__GOAL OF THE EXERCISE__. After locating "Dani has since" in the listing below, copy that line and each one after it exactly, ending with the line that has "依次点击【开始】【设置】【设".

*** GIVEN RECORDS ***

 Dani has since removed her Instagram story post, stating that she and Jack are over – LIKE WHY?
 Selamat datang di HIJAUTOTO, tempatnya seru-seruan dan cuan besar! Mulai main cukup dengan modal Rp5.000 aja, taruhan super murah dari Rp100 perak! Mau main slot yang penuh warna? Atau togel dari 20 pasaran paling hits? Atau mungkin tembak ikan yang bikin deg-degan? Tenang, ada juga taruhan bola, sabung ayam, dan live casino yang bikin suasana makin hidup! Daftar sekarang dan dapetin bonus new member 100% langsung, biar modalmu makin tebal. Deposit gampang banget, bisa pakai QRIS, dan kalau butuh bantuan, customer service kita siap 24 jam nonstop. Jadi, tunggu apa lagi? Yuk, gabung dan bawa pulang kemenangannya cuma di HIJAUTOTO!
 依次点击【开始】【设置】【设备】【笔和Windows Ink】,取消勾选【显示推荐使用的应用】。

*** End of GIVEN RECORDS ***
*** GIVEN RECORDS ***

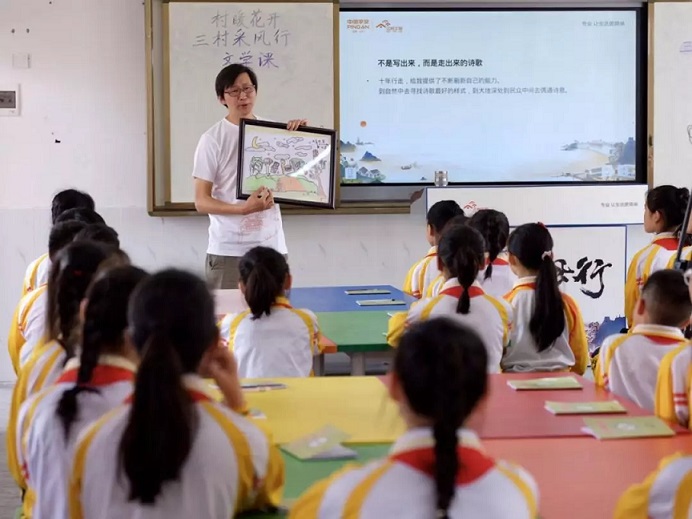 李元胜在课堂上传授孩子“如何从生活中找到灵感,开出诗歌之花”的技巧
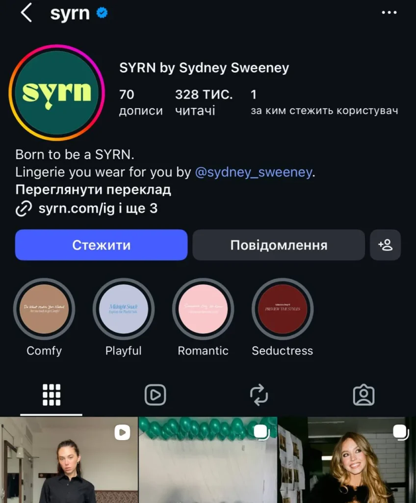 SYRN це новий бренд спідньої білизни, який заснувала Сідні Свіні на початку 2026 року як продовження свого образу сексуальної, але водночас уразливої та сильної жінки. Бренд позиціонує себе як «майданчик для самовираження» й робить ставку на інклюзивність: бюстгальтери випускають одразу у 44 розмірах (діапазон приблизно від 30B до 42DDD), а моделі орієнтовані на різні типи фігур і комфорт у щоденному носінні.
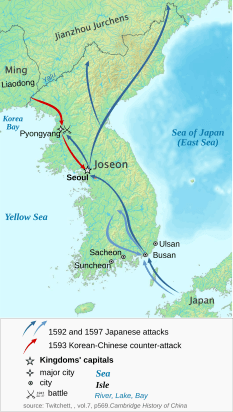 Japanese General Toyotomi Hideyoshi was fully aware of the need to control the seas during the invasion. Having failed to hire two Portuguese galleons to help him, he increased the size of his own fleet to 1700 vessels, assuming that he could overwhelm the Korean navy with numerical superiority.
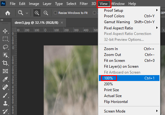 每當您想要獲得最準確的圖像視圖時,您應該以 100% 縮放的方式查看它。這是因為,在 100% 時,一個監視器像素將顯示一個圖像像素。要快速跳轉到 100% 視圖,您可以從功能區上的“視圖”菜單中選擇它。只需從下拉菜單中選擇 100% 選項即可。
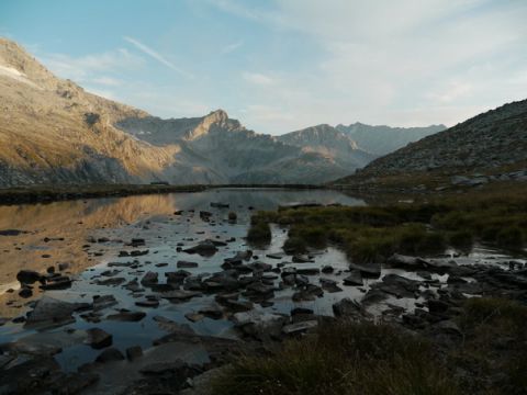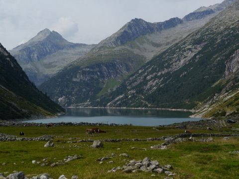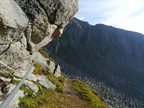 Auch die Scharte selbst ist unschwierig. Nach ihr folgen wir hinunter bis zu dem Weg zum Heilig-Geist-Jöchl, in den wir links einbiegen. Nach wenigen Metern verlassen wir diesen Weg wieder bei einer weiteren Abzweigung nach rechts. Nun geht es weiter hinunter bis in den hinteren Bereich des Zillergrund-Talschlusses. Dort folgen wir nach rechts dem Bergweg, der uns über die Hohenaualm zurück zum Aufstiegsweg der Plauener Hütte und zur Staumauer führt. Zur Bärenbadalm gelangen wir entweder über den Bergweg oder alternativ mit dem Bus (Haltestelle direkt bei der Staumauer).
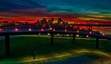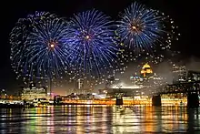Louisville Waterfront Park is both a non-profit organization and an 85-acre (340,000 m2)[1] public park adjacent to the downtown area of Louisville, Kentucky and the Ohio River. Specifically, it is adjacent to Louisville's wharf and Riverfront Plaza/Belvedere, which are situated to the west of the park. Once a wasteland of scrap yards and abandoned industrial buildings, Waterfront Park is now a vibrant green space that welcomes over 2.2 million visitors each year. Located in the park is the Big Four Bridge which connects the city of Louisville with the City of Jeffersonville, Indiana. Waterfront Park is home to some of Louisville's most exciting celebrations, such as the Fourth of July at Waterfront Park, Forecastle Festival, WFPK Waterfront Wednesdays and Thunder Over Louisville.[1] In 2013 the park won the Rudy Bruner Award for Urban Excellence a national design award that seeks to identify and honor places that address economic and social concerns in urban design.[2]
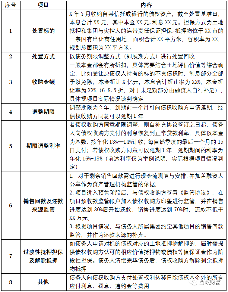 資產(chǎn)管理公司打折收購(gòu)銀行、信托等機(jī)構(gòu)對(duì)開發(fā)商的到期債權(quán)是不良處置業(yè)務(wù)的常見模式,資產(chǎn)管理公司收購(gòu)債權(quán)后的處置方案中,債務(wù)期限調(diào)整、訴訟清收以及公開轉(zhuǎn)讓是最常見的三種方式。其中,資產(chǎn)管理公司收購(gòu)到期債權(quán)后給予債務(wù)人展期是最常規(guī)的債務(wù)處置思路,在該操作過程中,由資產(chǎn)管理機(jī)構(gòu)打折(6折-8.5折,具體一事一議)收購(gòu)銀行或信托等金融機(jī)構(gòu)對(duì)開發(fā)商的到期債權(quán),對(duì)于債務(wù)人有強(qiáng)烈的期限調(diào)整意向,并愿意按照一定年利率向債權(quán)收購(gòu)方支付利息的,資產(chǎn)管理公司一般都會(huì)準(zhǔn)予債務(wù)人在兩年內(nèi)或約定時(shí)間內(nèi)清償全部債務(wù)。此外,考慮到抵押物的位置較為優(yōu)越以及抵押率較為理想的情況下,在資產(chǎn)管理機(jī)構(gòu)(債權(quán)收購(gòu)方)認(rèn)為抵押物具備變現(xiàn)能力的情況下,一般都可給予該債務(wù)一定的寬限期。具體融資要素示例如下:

*** End of GIVEN RECORDS ***

__COMPLETED TASK__.
 Dani has since removed her Instagram story post, stating that she and Jack are over – LIKE WHY?
 Selamat datang di HIJAUTOTO, tempatnya seru-seruan dan cuan besar! Mulai main cukup dengan modal Rp5.000 aja, taruhan super murah dari Rp100 perak! Mau main slot yang penuh warna? Atau togel dari 20 pasaran paling hits? Atau mungkin tembak ikan yang bikin deg-degan? Tenang, ada juga taruhan bola, sabung ayam, dan live casino yang bikin suasana makin hidup! Daftar sekarang dan dapetin bonus new member 100% langsung, biar modalmu makin tebal. Deposit gampang banget, bisa pakai QRIS, dan kalau butuh bantuan, customer service kita siap 24 jam nonstop. Jadi, tunggu apa lagi? Yuk, gabung dan bawa pulang kemenangannya cuma di HIJAUTOTO!
 依次点击【开始】【设置】【设备】【笔和Windows Ink】,取消勾选【显示推荐使用的应用】。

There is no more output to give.